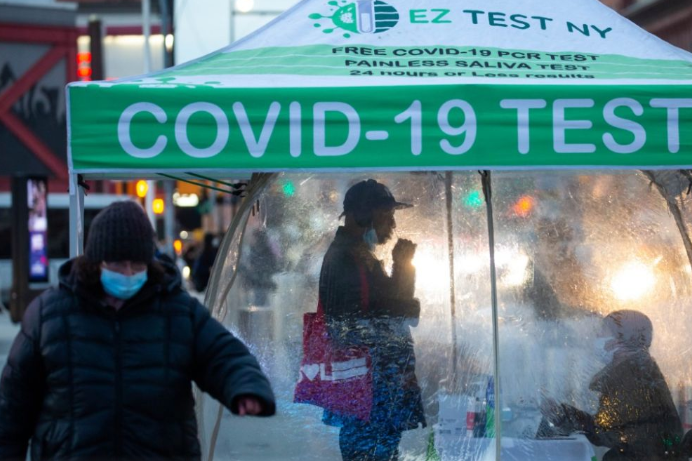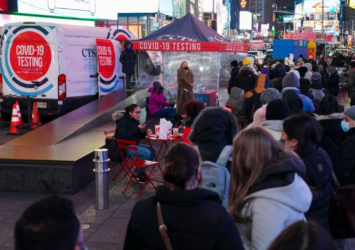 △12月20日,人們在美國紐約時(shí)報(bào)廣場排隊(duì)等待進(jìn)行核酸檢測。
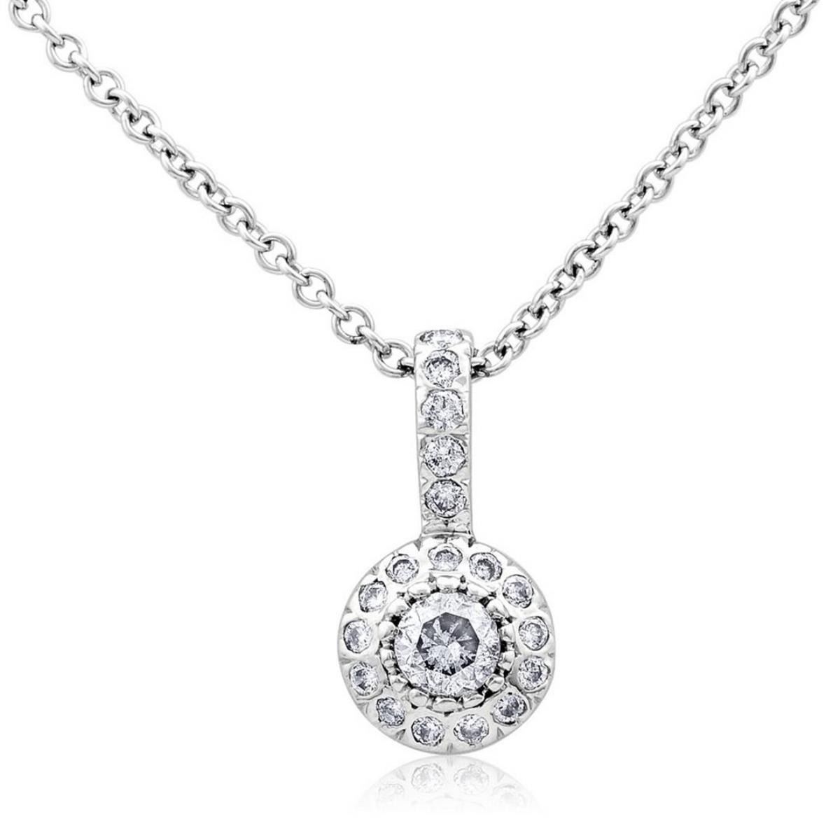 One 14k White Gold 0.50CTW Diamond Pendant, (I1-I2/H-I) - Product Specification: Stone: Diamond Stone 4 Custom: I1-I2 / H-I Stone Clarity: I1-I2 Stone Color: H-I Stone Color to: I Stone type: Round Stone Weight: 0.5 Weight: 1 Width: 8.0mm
◆ ◆ ◆
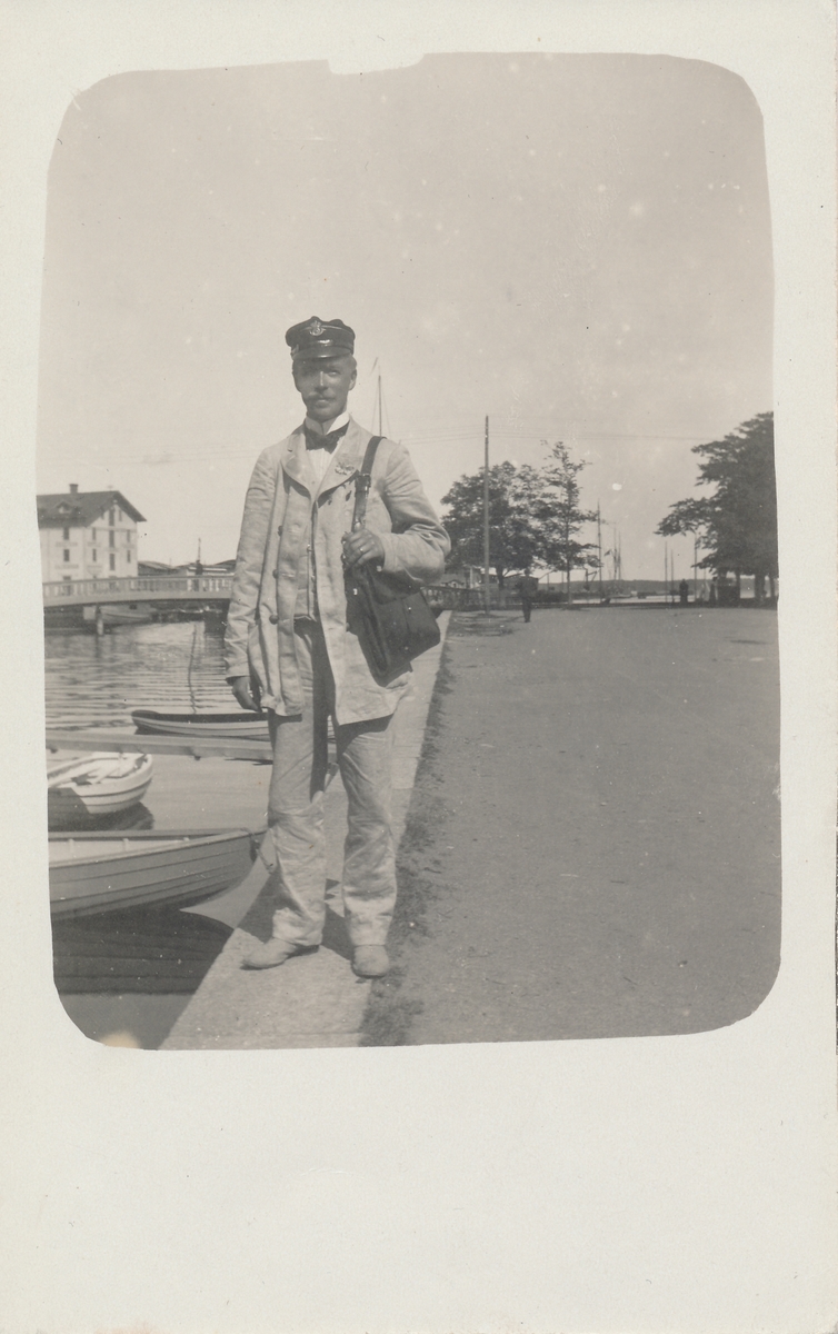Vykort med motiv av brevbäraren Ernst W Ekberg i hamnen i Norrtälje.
◆ ◆ ◆
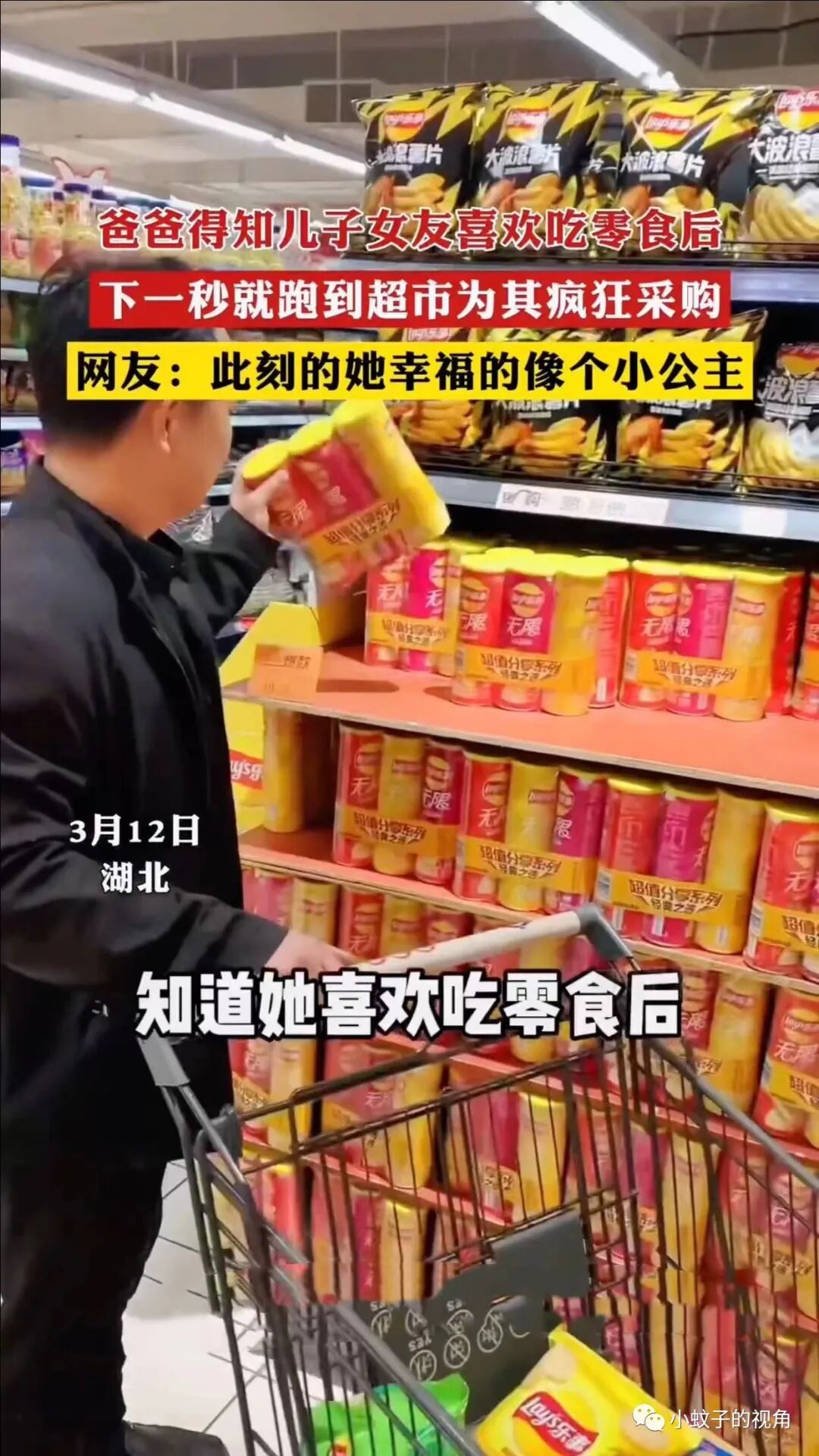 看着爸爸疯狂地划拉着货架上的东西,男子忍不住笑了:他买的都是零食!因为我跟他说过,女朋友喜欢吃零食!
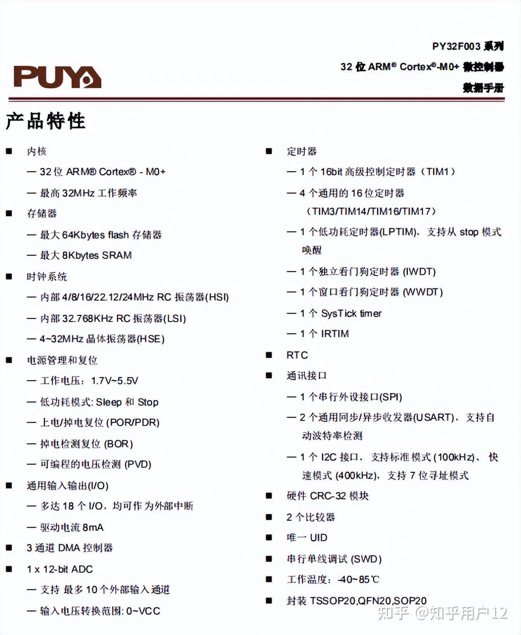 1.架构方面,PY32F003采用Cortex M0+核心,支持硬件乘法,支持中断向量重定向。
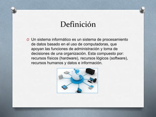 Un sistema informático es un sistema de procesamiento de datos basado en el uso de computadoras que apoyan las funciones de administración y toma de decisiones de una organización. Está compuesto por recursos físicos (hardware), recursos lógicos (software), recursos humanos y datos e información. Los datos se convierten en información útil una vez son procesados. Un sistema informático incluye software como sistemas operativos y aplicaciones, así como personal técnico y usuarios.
◆ ◆ ◆
[Task instructions] Starting at the line containing "1.架构方面,PY32F00" and finishing at the line containing "Un sistema informático es", return those lines exactly as they appear above, without the pictures.

[Final answer]
 1.架构方面,PY32F003采用Cortex M0+核心,支持硬件乘法,支持中断向量重定向。
 Un sistema informático es un sistema de procesamiento de datos basado en el uso de computadoras que apoyan las funciones de administración y toma de decisiones de una organización. Está compuesto por recursos físicos (hardware), recursos lógicos (software), recursos humanos y datos e información. Los datos se convierten en información útil una vez son procesados. Un sistema informático incluye software como sistemas operativos y aplicaciones, así como personal técnico y usuarios.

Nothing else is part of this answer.